Task details
Scan the records below for the line containing "ಕಂಬಕ್ಕೆ ಢಿಕ್ಕಿ ಹೊಡೆದು" and the line containing "Bring valuable seating". Copy both, plus every line between, exactly.

Data in this exercise
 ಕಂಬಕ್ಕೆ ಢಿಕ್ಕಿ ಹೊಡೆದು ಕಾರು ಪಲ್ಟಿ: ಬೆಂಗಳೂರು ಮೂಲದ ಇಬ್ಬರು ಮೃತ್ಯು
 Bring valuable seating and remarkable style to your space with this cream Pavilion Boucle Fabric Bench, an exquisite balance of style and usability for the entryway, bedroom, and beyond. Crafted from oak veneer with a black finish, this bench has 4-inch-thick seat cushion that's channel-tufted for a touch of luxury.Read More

...

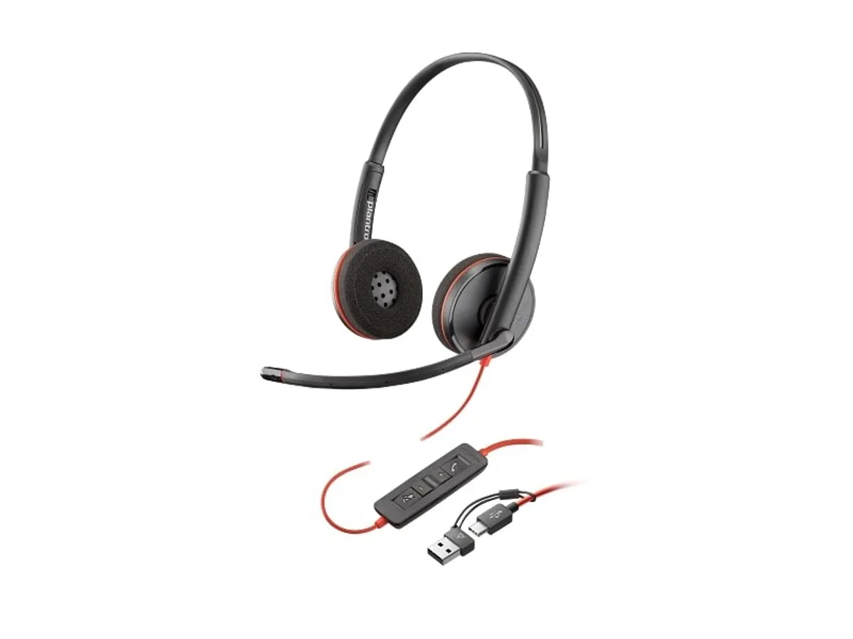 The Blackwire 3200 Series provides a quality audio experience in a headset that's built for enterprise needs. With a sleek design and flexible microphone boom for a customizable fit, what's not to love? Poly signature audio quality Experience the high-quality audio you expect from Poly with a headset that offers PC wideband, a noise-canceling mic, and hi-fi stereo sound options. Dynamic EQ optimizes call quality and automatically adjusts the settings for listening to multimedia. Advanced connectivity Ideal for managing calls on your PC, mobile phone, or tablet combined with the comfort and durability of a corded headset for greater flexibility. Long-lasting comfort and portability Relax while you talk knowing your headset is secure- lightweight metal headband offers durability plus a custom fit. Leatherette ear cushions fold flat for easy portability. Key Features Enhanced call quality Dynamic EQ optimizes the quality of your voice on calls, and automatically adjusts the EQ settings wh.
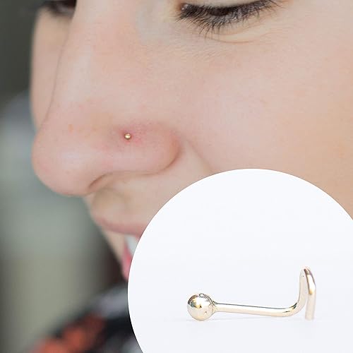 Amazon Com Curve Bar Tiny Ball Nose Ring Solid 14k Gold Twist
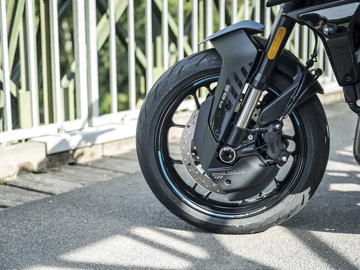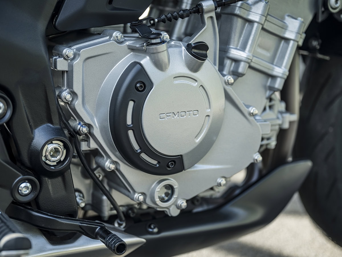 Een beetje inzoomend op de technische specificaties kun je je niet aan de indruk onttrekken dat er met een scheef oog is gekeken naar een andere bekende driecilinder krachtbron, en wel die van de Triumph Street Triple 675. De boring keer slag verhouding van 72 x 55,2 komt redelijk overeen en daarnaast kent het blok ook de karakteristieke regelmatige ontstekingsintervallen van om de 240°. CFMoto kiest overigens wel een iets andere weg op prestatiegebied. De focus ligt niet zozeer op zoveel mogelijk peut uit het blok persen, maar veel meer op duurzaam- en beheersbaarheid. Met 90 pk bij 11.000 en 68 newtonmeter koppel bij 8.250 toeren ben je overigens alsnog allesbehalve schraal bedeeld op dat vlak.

==

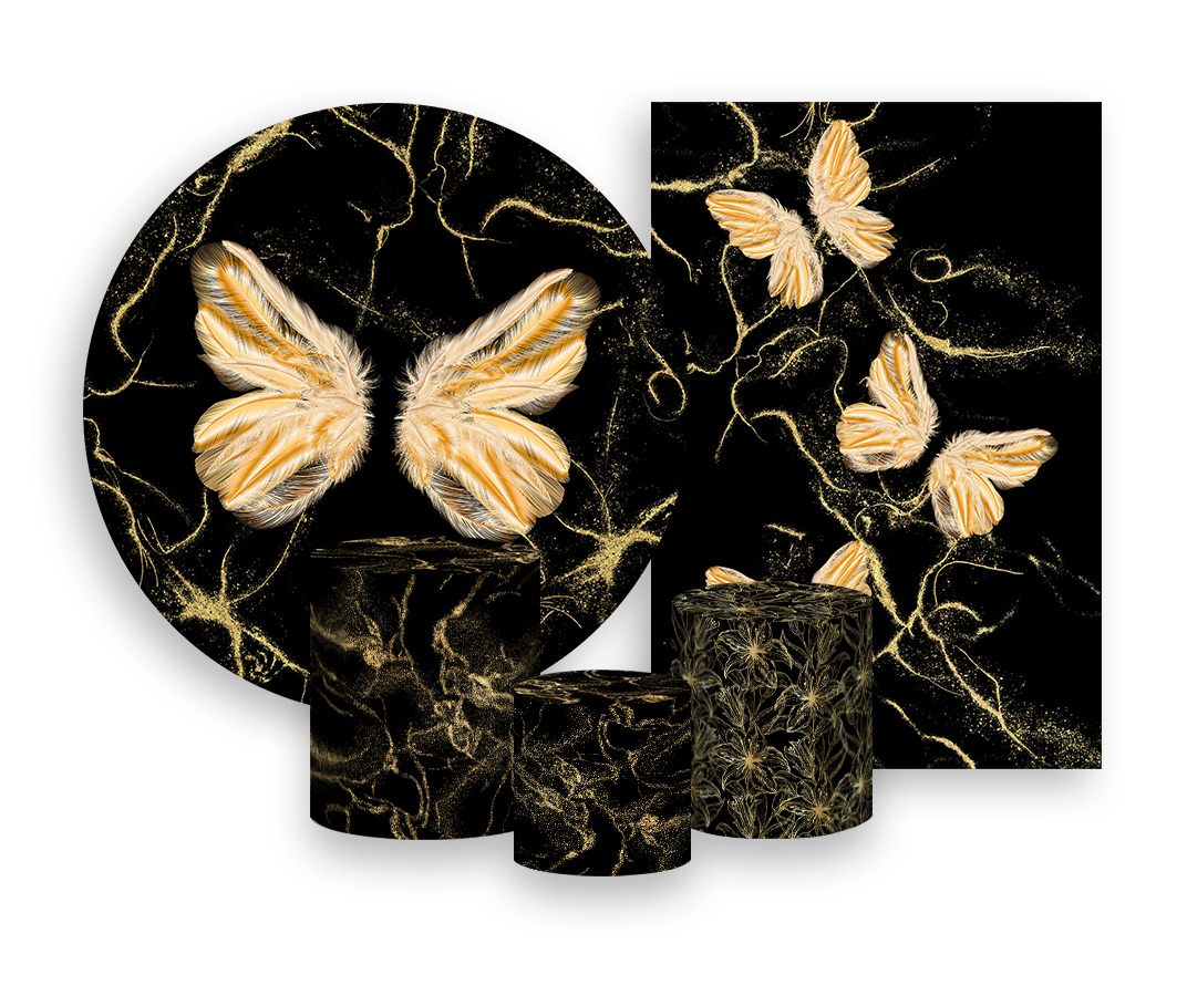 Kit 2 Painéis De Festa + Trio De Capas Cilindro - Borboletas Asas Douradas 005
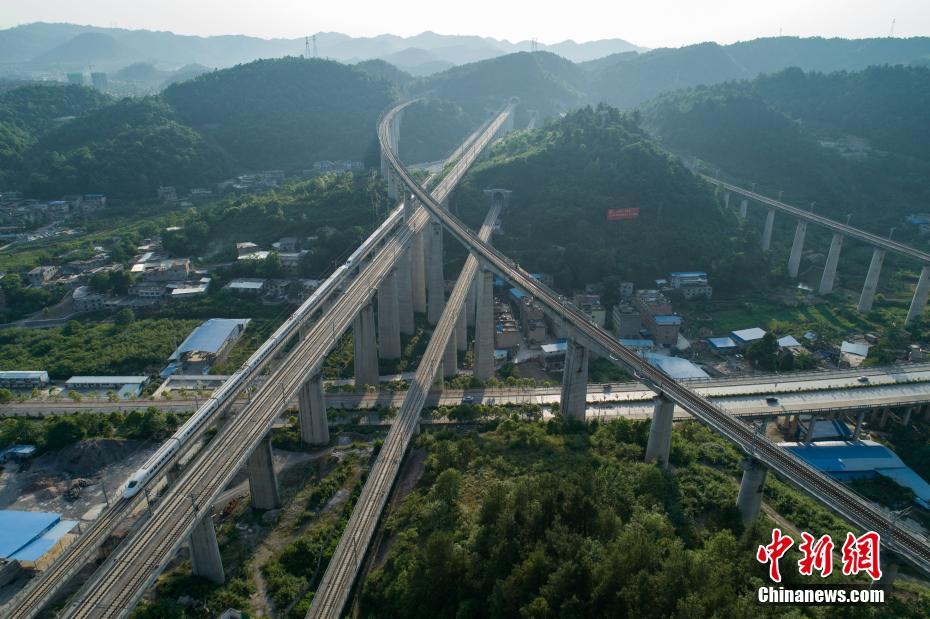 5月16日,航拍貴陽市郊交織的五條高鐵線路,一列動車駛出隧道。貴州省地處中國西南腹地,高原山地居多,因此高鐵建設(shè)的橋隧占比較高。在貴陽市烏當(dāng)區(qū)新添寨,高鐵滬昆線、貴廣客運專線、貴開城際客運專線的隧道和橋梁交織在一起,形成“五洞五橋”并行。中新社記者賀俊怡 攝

Solved problem
 ಕಂಬಕ್ಕೆ ಢಿಕ್ಕಿ ಹೊಡೆದು ಕಾರು ಪಲ್ಟಿ: ಬೆಂಗಳೂರು ಮೂಲದ ಇಬ್ಬರು ಮೃತ್ಯು
 Bring valuable seating and remarkable style to your space with this cream Pavilion Boucle Fabric Bench, an exquisite balance of style and usability for the entryway, bedroom, and beyond. Crafted from oak veneer with a black finish, this bench has 4-inch-thick seat cushion that's channel-tufted for a touch of luxury.Read More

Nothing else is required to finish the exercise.